I have not looked into this very deeply but from first principles it would appear to me that a per-CPU nursery would be strictly better than a per-thread nursery for typical applications.
Yeah, that's pretty new relative to when the old gperftools version of tcmalloc hit the scene. It works via the rseq operations on Linux; afaik no other OS is supported.
> I have not looked into this very deeply but from first principles it would appear to me that a per-CPU nursery would be strictly better than a per-thread nursery for typical applications.
Both are quite effective at removing the contention, so I think it mostly comes down to which needs fewer allocation caches to do it. In the case of a tie, per-CPU is probably better because if a thread migrates across cores you want to use memory likely to be hot in the CPU cache. If you have far more threads than cores, per-CPU should win. If you're single-threaded, per-thread should win. If you have a thread-per-core reactor, and either use the whole machine, or restrict it with cpuset so it always stays on the same cores, per-CPU should win, and more so if there are any ancillary threads for logging or whatever. All those profiles exist; what a "typical application" is I dunno.

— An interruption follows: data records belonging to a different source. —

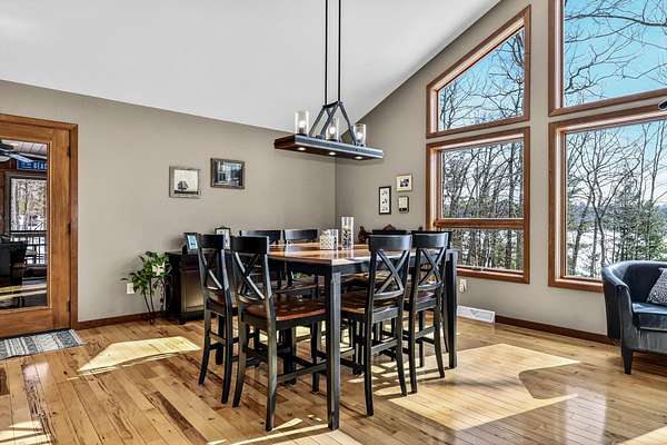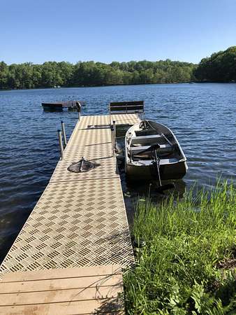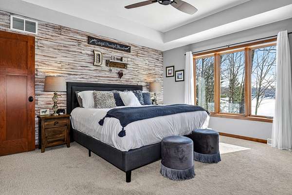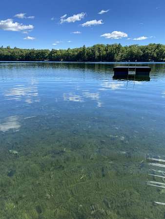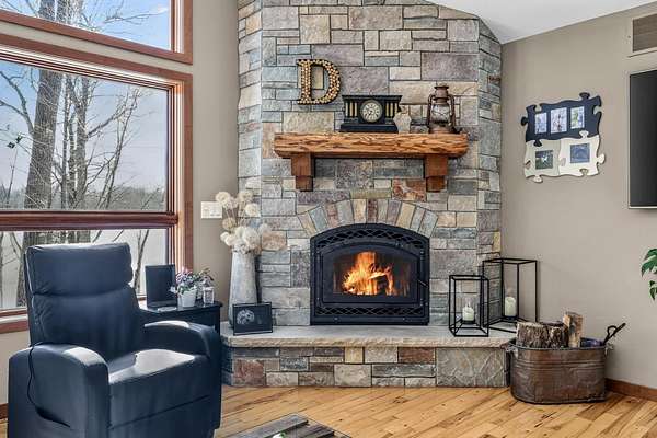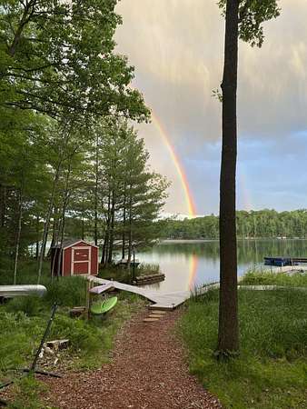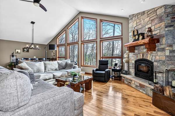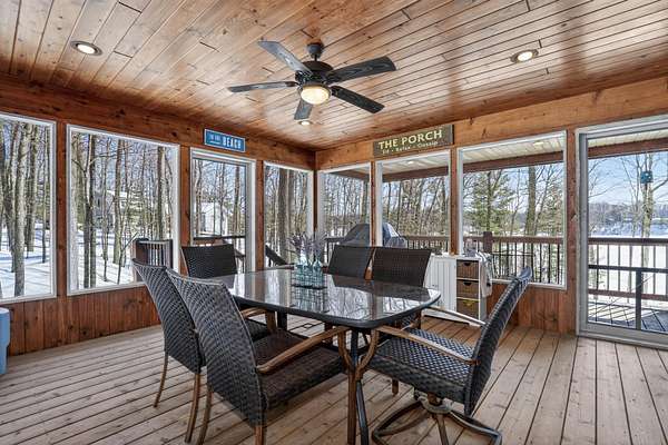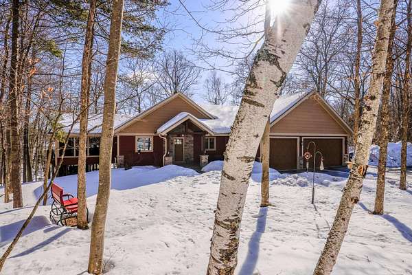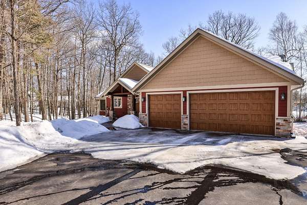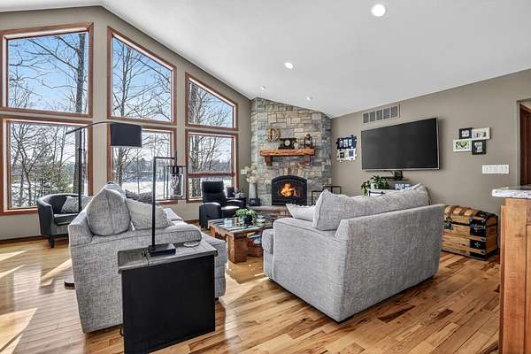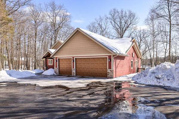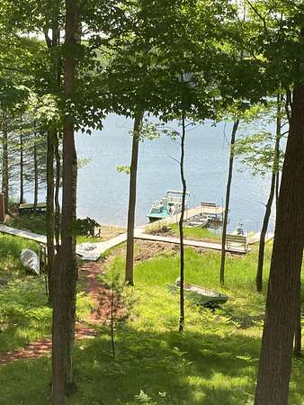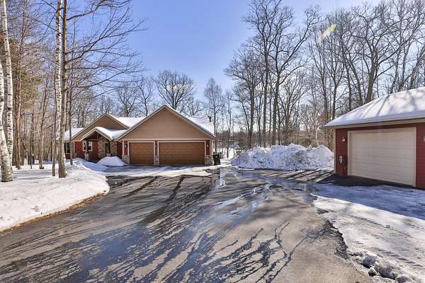 Beautiful custom built home with 250 feet of frontage on crystal clear, 69 acre Lee lake, with no public access. This 3 bedroom home, with its massive cathedral ceiling living room is an open concept dream and with its expansive window views, is a must see! The wood fireplace is used to keep you warm in the winters, while the in-floor heat of the lower level, never lets your feet get cold. Off the main floor is a beautiful screen porch with its own grilling deck and a staircase that leads right to the custom stone patio. Enjoy the serene quiet sitting on the lower patio with views of the lake and wildlife. Additionally, there is a one of a kind custom home theater room, exercise room with the attached hobby room, extra storage & a second staircase leading into the garage. A separate 30 x 50 heated garage, blacktop driveway all on 1.8 acres of wooded property. Enjoy all of this on a dead-end road and access to nearby Bearskin Trail.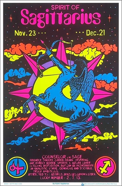 Sagittarius (November 22 – December 21) Zodiac Sign Flocked Blacklight Poster 23" x 35"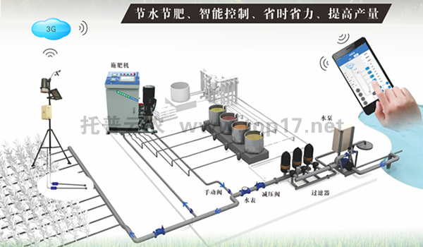 托普水肥一體化智能灌溉系統可以幫助生產者很方便的實現自動的水肥一體化管理。系統由系統云平臺、墑情數據采集終端、視頻監控、施肥機、過濾系統、閥門控制器、電磁閥、田間管路等組成。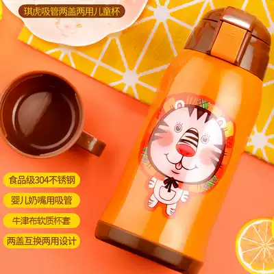 Qihu stainless steel Children's thermos cup dual-purpose with suction tube Cup Zixia kindergarten anti-drop Primary School water bottle lettering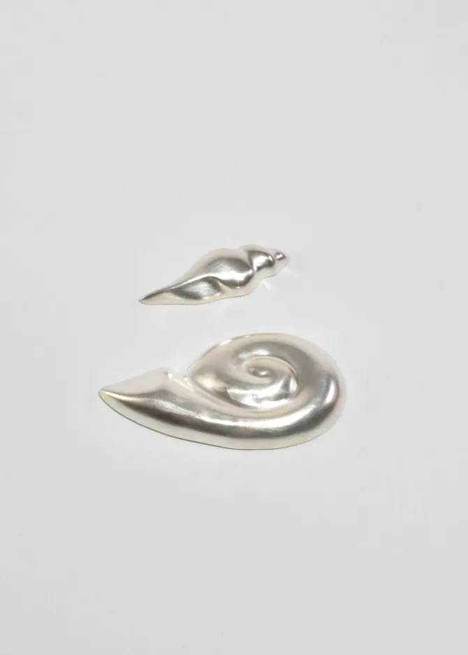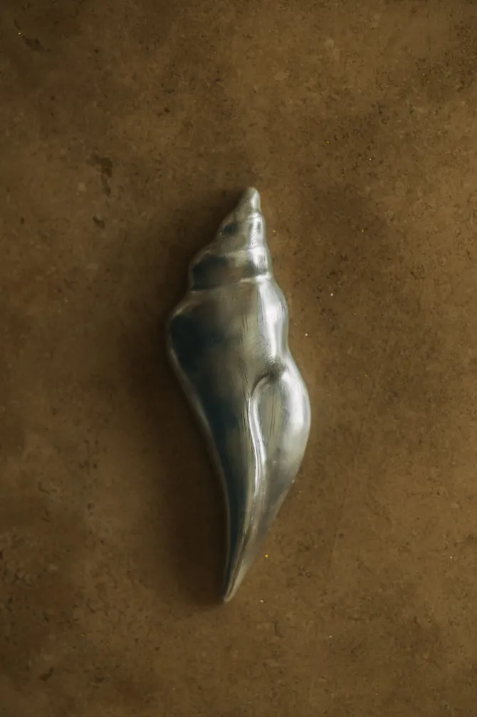 Small ceramic conch shell cutlery or chopstick rest in a silver glaze. By IAAC Crafts ceramic studio, made in South Korea.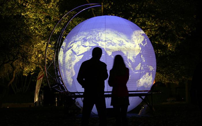 Lightweight is a 360˚ projection globe that invites audiences to have their picture mapped into live animations that swarm around the globe alongside movies, audio, graphic effects, pictures, text and even Tweets. The four metre high sphere is lit with colour and images creating a unique and interactive experience. “Magical and mesmerising…almost hypnotic”.

There's also the concept of "virtual CPU IDs" (the language may have changed), which can minimize the downside of per-CPU for small cgroups on huge machines. It really should be better than per-thread, as running threads <= total threads. Not sure if that's even in mainline Linux now or not. https://lwn.net/Articles/885818/
Ah yes, thanks for the detailed explanation! By "typical application" I mean those applications where there are far more (mostly idle) threads than available cores. I guess I shouldn't have used the phrase "typical application" since this differs so much by people's experience.